# Stuck in 4 Wheel Drive ?



## mstory (Jul 23, 2004)

Hi,

I have a 2000 Frontier V6 crew-cab. My mileage is only around 60K.

Recently I've put the truck into 4wd to go through an area where road was torn up + snow. After crossing the territory where I needed 4wd, I stopped and pushed the shifter forward to take it out of 4wd. The indicator light goes off, but when I get the truck up to high speed, i'm getting shaking, rpm that would almost indicate that I'm still in 4wd or something's going on. If I then stop and deliverately shift back to 4wd, then shift out again, eventually, the ride smoothes out. Anyone had a similar experience ? (light goes out but truck still drives like it's in 4wd)

I know it's not my tires or alignment -- just replaced tires and alignment completed. Also, the truck has never been in an accident.

Any input would be appreciated.

Thanks,
Mark


----------



## Breeze Man (May 4, 2005)

Simple way to tell if the truck is 4wd. - just turn into a driveway or turn sharp while driving on dry pavement. If still in 4wd, the front end will 'jump', 'hop', 'grab' while trying to steer.


----------



## dvdswanson (Nov 6, 2005)

do you feel the shaking in the steering wheel? you just had tires replaced before or after you went through the snow?


----------



## jerryp58 (Jan 6, 2005)

mstory said:


> Hi,
> 
> I have a 2000 Frontier V6 crew-cab. My mileage is only around 60K.
> 
> ...


I have no idea if your truck needs to do it, but my previous vehicle was 4wd and after shifting back into 2wd I was supposed to travel at least 10 feet in the opposite direction I was gonig when the auto hubs engaged to disengage them. So, If I was going forward when I put it in 4wd, I needed to put it in 2wd and drive in reverse for 10ft to disengage the 4wd hubs. Otherwise, they would stay engaged.


----------



## mstory (Jul 23, 2004)

*Shaking*



dvdswanson said:


> do you feel the shaking in the steering wheel? you just had tires replaced before or after you went through the snow?

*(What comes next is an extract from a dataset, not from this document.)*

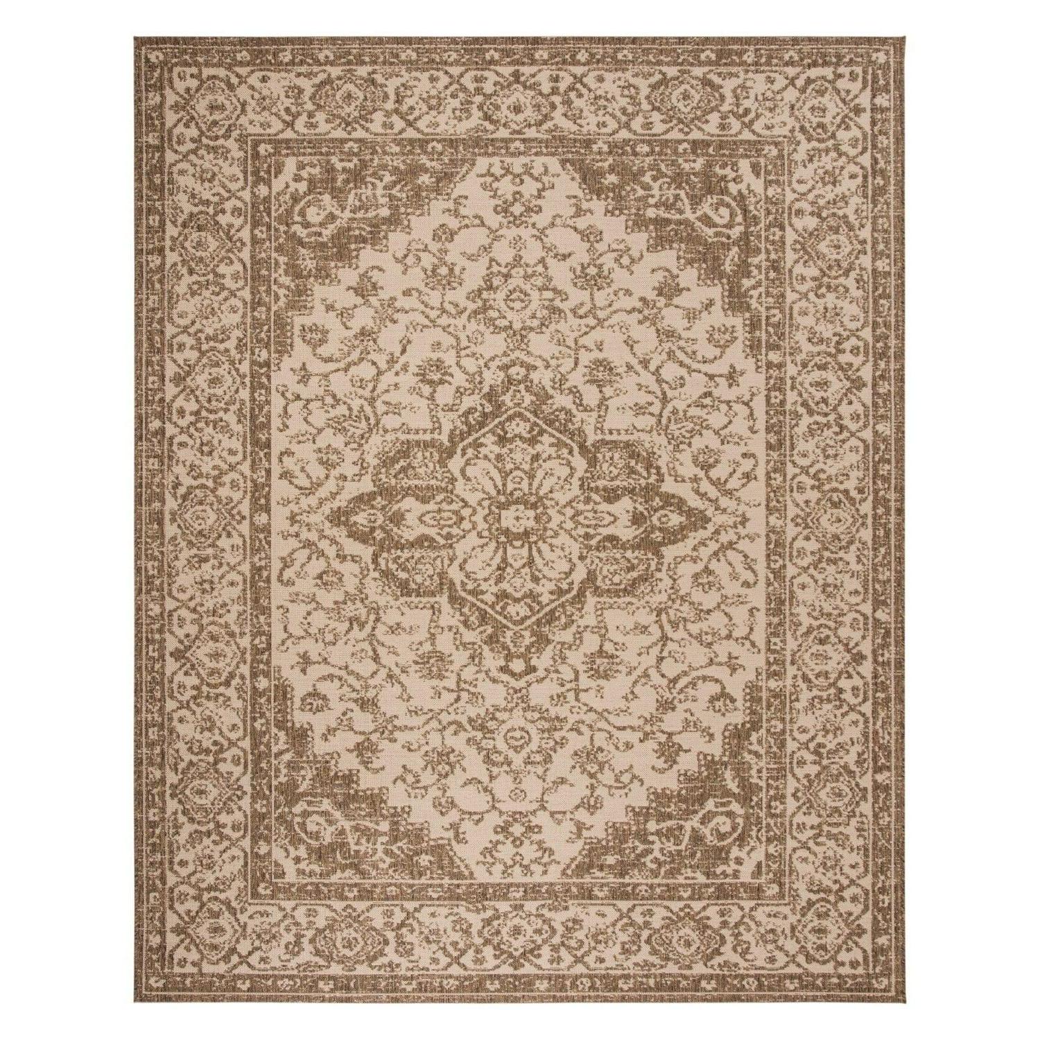 Safavieh Beach House Mai Traditional Outdoor Area Rug, Aqua/Cream, 7’10 x 10′

The tires / alignment were done before both the snow and off-road. The shaking / vibration was when I was on the highway and only lasted for a period of time. Ultimately went away. Also, the gas pedal was "spongey" almost like I was pushing a different gear ratio -- This occurred twice -- both times after I had been in 4wd and then shifted out.

My biggest concern is that when I go out of 4wd, I'm doing it because I want to go highway speed. If I'm still in 4wd (because the truck seems stuck there), I don't want the highway speed to adversely affect the transmission.


----------